▶ _Data records_:
*** Block opens ***
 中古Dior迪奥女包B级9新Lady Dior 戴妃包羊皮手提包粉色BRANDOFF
*** Block closes ***
*** Block opens ***
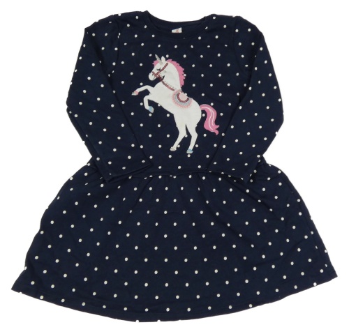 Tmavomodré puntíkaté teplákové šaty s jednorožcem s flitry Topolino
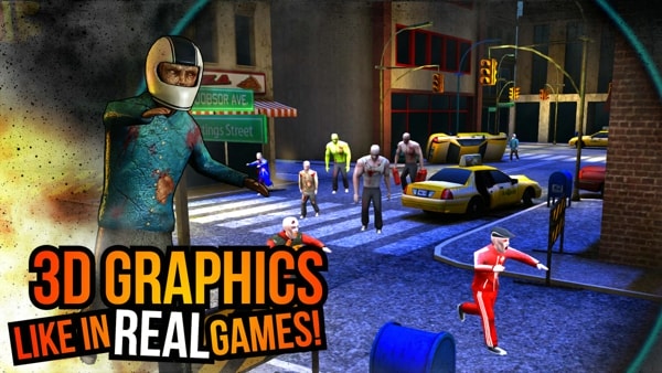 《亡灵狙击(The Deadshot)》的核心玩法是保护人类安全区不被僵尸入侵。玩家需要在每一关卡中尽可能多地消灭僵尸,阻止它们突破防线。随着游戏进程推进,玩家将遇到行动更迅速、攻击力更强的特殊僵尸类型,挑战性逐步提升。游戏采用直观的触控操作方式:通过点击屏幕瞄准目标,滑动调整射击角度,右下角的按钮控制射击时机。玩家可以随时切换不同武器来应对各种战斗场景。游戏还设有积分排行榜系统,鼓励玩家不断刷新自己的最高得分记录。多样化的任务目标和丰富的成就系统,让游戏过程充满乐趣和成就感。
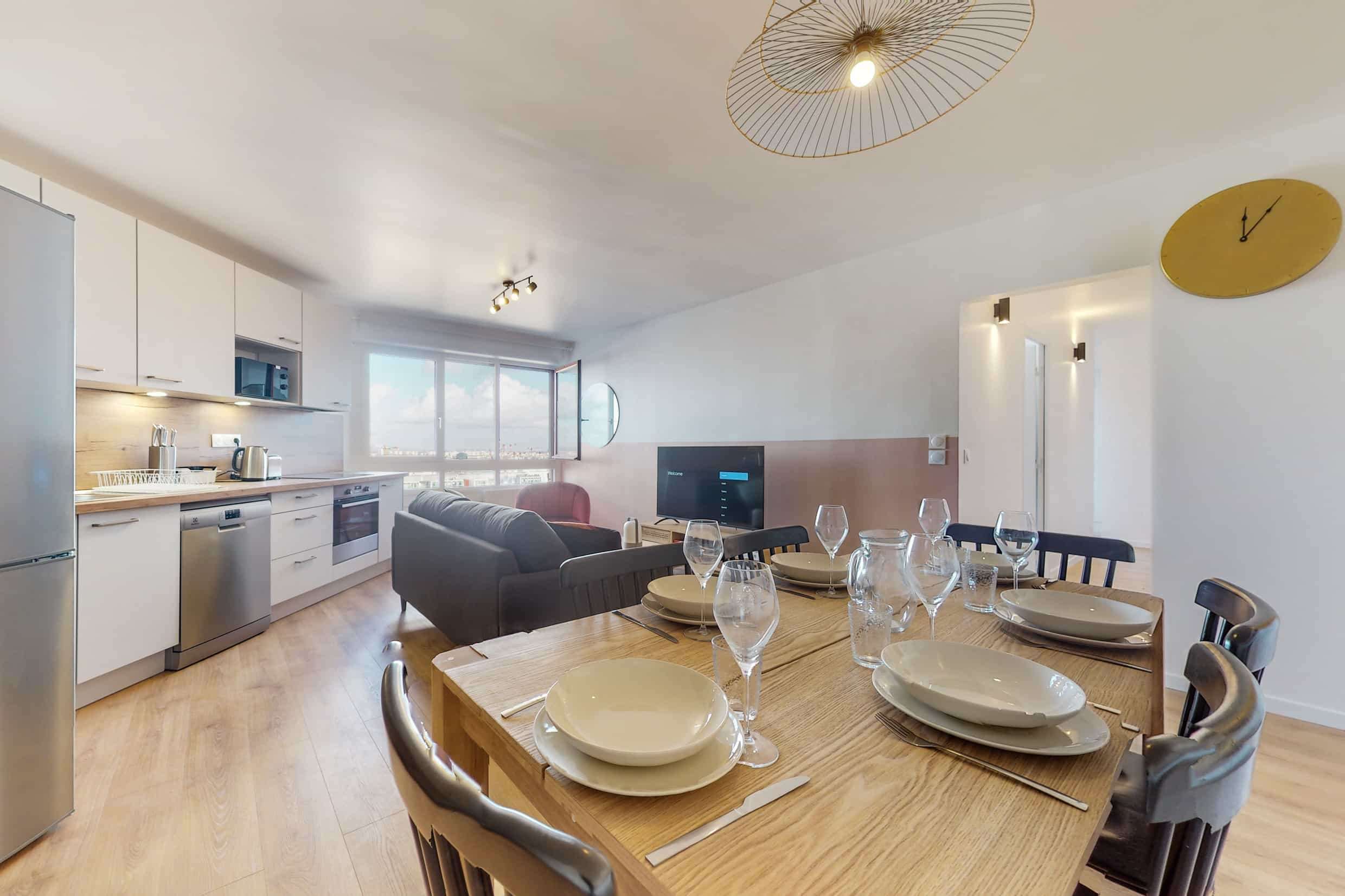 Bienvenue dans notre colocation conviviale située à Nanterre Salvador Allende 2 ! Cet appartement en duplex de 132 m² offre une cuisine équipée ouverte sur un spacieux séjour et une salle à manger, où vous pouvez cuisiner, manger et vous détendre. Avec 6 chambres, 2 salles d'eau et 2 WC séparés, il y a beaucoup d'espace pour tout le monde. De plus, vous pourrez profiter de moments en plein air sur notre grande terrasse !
*** Block closes ***
*** Block opens ***
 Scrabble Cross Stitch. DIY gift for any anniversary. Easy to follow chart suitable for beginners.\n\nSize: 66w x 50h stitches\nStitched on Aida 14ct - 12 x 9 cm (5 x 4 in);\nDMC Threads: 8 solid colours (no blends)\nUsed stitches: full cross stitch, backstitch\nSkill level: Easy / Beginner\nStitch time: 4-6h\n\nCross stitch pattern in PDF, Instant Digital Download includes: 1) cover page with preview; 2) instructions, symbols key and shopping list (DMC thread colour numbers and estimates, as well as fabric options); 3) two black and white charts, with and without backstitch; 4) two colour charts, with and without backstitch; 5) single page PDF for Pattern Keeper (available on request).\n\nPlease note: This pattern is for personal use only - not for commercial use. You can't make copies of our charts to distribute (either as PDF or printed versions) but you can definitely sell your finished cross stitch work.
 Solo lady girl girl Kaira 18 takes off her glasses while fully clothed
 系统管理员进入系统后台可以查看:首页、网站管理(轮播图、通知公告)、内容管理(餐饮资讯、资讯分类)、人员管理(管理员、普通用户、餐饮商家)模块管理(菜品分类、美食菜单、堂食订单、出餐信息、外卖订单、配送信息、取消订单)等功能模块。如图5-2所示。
*** Block closes ***
▶ _What is expected_: Begin with the line above that has "Solo lady girl" and continue through the line that has "系统管理员进入系统后台可以查", setting each one down exactly. Stop there.

▶ _Task output_:
 Solo lady girl girl Kaira 18 takes off her glasses while fully clothed
 系统管理员进入系统后台可以查看:首页、网站管理(轮播图、通知公告)、内容管理(餐饮资讯、资讯分类)、人员管理(管理员、普通用户、餐饮商家)模块管理(菜品分类、美食菜单、堂食订单、出餐信息、外卖订单、配送信息、取消订单)等功能模块。如图5-2所示。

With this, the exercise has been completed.